Немного еще поспорили, потом поладили. Споры эти были больше для виду; девчата были рады, что хлопцы с ними, – и веселей, и сподручней: пьяный ли пристанет, собака ли набросится – есть кому защитить.

Все вместе двинулись дальше, но отделились и парочки. Ивга словно прилипла к Тимофею, хотя тот больше говорил с другими девчатами. Федор мрачно шагал за Христей. Так и ходили по всему селу, не пропуская почти ни одного двора.

Уже повсюду затихли колядки, уже и в редкой хате виден свет, а наши колядники все еще бегали да выискивали, кому бы поколядовать.

– А вы были, девчата, у матери?

– Были.

– А мы не были.

– Хороши!

– Верно, она еще не спит. Пойдем!

– А пойдем, в самом деле, – сказала Горпына.

– Поздно будет. Вот уж луна заходит, – сказала Христя.

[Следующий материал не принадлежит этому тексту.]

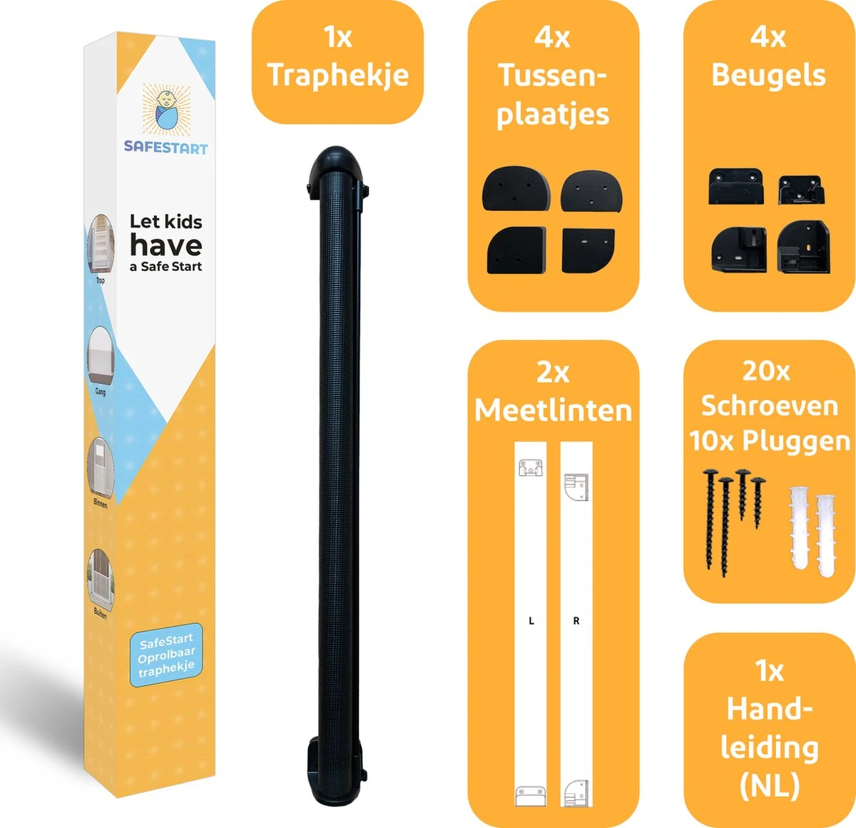 Met het SafeStart oprolbare traphekje is jouw kindje volledig veiliggesteld voor de gevaren in huis. Monteer hem snel én eenvoudig op de gewenste plek en voorkom dat je kindje in onveilige situaties terecht komt.
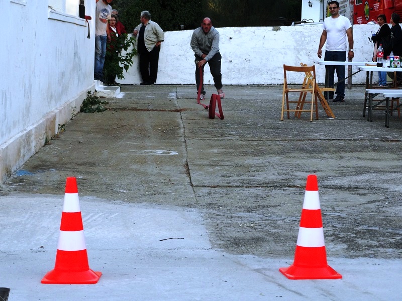 Και αφού έφαγαν και ήπιαν ήρθες η ώρα του παιχνιδιού. Απορείς: τι παιχνίδια μπορεί να παίζουν οι δασοπυροσβέστες; Με την φωτιά; Αποκλείεται. Με τα οχήματα; Δεν γίνεται. Με τις μάνικες!!! Αυτό είναι: παιχνίδι με τις μάνικες! Παίρνουν μια μάνικα άδεια και κουλουριασμένη. Βάζουν μακριά δύο κορίνες. Και μετά πετάνε τη μάνικα με τέχνη για να ξετυλιχτεί με την μια και να μην στριφογυρίσει. Έτσι ώστε να την συνδέσουν με την μια και να ρίξουν νερό.
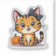 Sticker de gatito Bengala juguetón al estilo kawaii de Halloween con calabazas y tonos festivos, ideal para amantes de los gatos y manualidades de temporada.
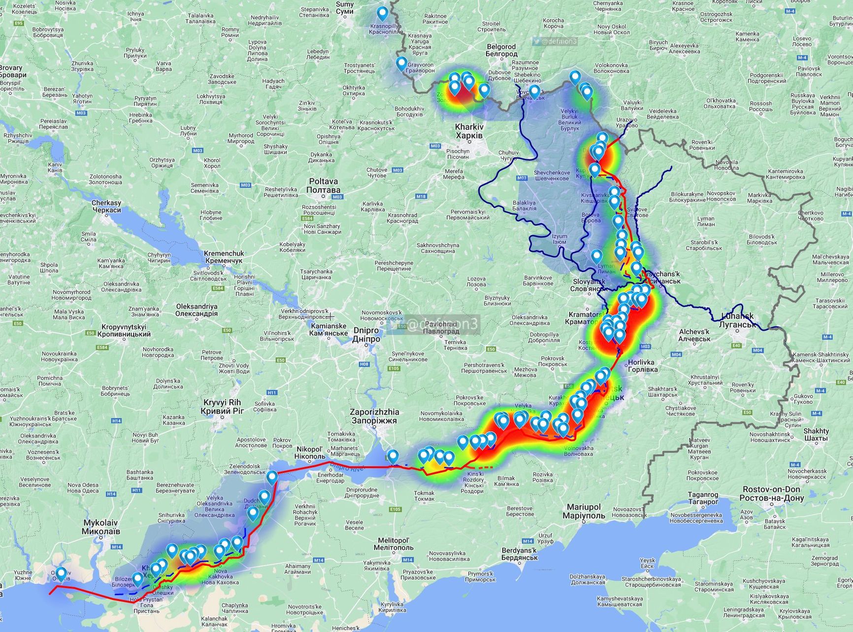 Анонимный OSINT-специалист Def Mon публикует карту, которая показывает все места обстрелов, о которых сообщил за день Генштаб ВСУ.
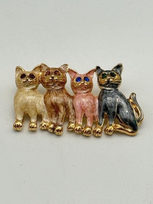 Vtg Enamel Four Cat Brooch Green Blue Brown Crystal Eyes Kitty Pin
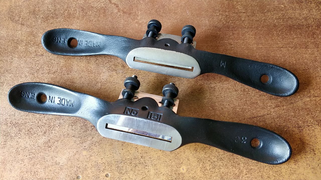 Stanley used to make two notable spokeshave varieties, #51 and #151. They are identical, except #151 has adjustment screws, and #51 needs to be tapped with a hammer to adjust the blade. Both were available with flat and curved soles. Stanley #151 is still in production, but as usual, I bought vintage pieces in need of being restored.
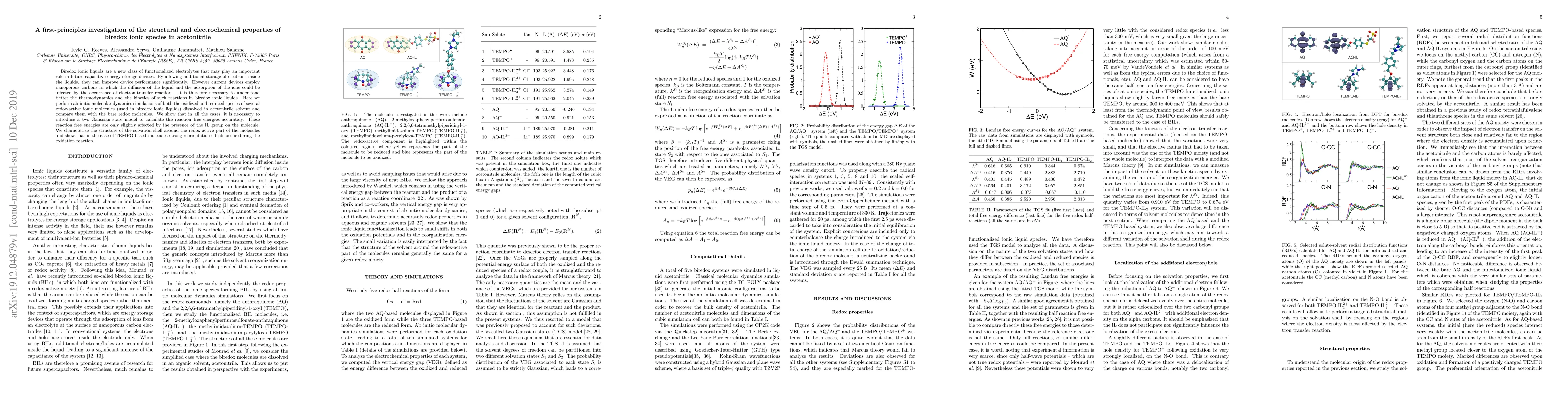 Biredox ionic liquids are a new class of functionalized electrolytes that may play an important role in future capacitive energy storage devices. By allowing additional storage of electrons inside the liquids, they can improve device performance significantly. However current devices employ nanoporous carbons in which the diffusion of the liquid and the adsorption of the ions could be affected by the occurrence of electron-transfer reactions. It is therefore necessary to understand better the thermodynamics and the kinetics of such reactions in biredox ionic liquids. Here we perform ab initio molecular dynamics simulations of both the oxidized and reduced species of several redox-active ionic molecules (used in biredox ionic liquids) dissolved in acetonitrile solvent and compare them with the bare redox molecules. We show that in all the cases, it is necessary to introduce a two Gaussian state model to calculate the reaction free energies accurately. These reaction free energies are only slightly affected by the presence of the IL group on the molecule. We characterize the structure of the solvation shell around the redox active part of the molecules and show that in the case of TEMPO-based molecules strong reorientation effects occur during the oxidation reaction.
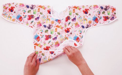 - 食べこぼしてもサッと拭ける防水加工素材! 長袖なのでお洋服を汚しません

– Пусть заходит. И без нее дорогу видать. А если боишься, проводим домой, – поддержали хлопцы.

Христя отказывалась, отступая.

– Если Христя не пойдет, то и мы не хотим, – уперлись девчата.

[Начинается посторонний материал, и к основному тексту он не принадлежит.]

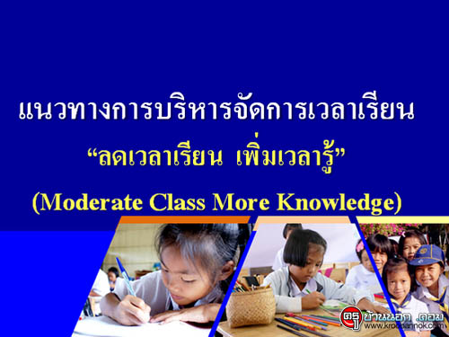 รมว.ศึกษาธิการ กล่าวว่า จากการที่กระทรวงศึกษาธิการได้เริ่มดำเนินการวางแนวทางการบริหารจัดการเวลาเรียน ตามนโยบาย "ลดเวลาเรียน เพิ่มเวลารู้ (Moderate Class More Knowledge)" มาตั้งแต่สมัยพลเรือเอก ณรงค์ พิพัฒนาศัย ดำรงตำแหน่งรัฐมนตรีว่าการกระทรวงศึกษาธิการ จนกระทั่งมีการหารือและดำเนินการตามแผนมาเป็นระยะ พบว่ามี 4 เรื่องหลักที่จะต้องดำเนินการเพื่อให้โครงการมีความสมบูรณ์ ดังนี้
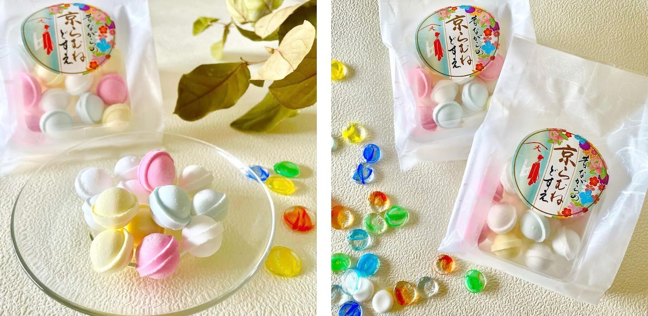 京菓子メーカーが作るラムネらしい“パッケージラベル”となっています。
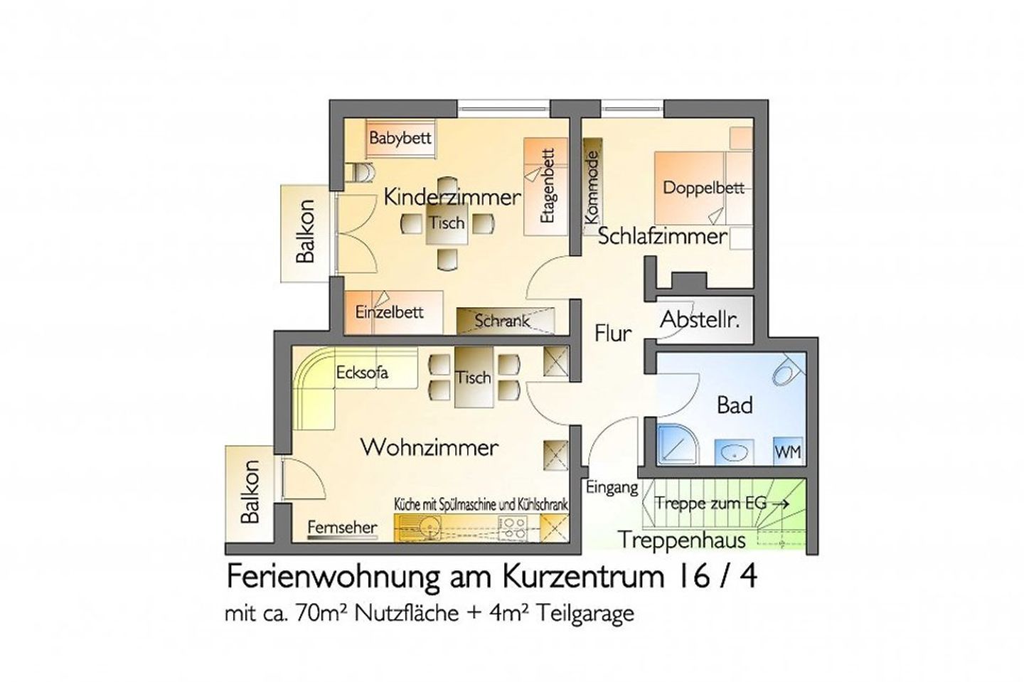 Ausstattung: Ledergarnitur, Sat-TV, DVD, Mikrowelle, Stereoanlage, Geschirrspüler, Waschmaschine, Bücher, Spiele, 2 Balkone. Ein Garten lädt zum Faulenzen und Grillen ein. Zur Wohnung gehören ein PKW Stellplatz und eine Teilgarage für Fahrräder. Gartenmöbel stehen ebenfalls zur Verfügung. Alle Fenster sind mit elektrischen Rollläden ausgestattet.

Два хлопца подбежали к Христе и, взяв ее за руки, повели вперед.

Месяц совсем спустился к горизонту и лежал над землею, точно каравай; из ярко-серебристого он стал мутно-багровым, на небе мигали потускневшие звезды, да земля светилась своим белоснежным покровом. Не слышно людских голосов, угомонились собаки, только на улицах, где проходили колядники, стоял еще собачий лай и нарушал тишину.

Пока подошли к хате Вовчихи, месяц совсем скрылся, и в хате было темно и тихо.

– Видите, я сказала – не надо идти, мать уже спит, – сказала Христя.

– Разве ее нельзя разбудить? – спросил Тимофей, направляясь во двор.

– Тимофей, Тимофей! – вскричали девчата. – Не буди! Вернись!

Тимофей остановился. Хлопцы настаивали – разбудить мать, девчата говорили – не надо.

– Пусть старуха хоть в праздник выспится. Мы ей и так не даем спать, – доказывали девчата.

Хлопцы согласились, но неохотно.

– Хватит, пора домой, – сказала Ивга. – Идешь, Тимофей?

Тимофей молчал.

– Разве Тимофею с тобой по дороге? – спросила Приська, дальняя родственница Тимофея.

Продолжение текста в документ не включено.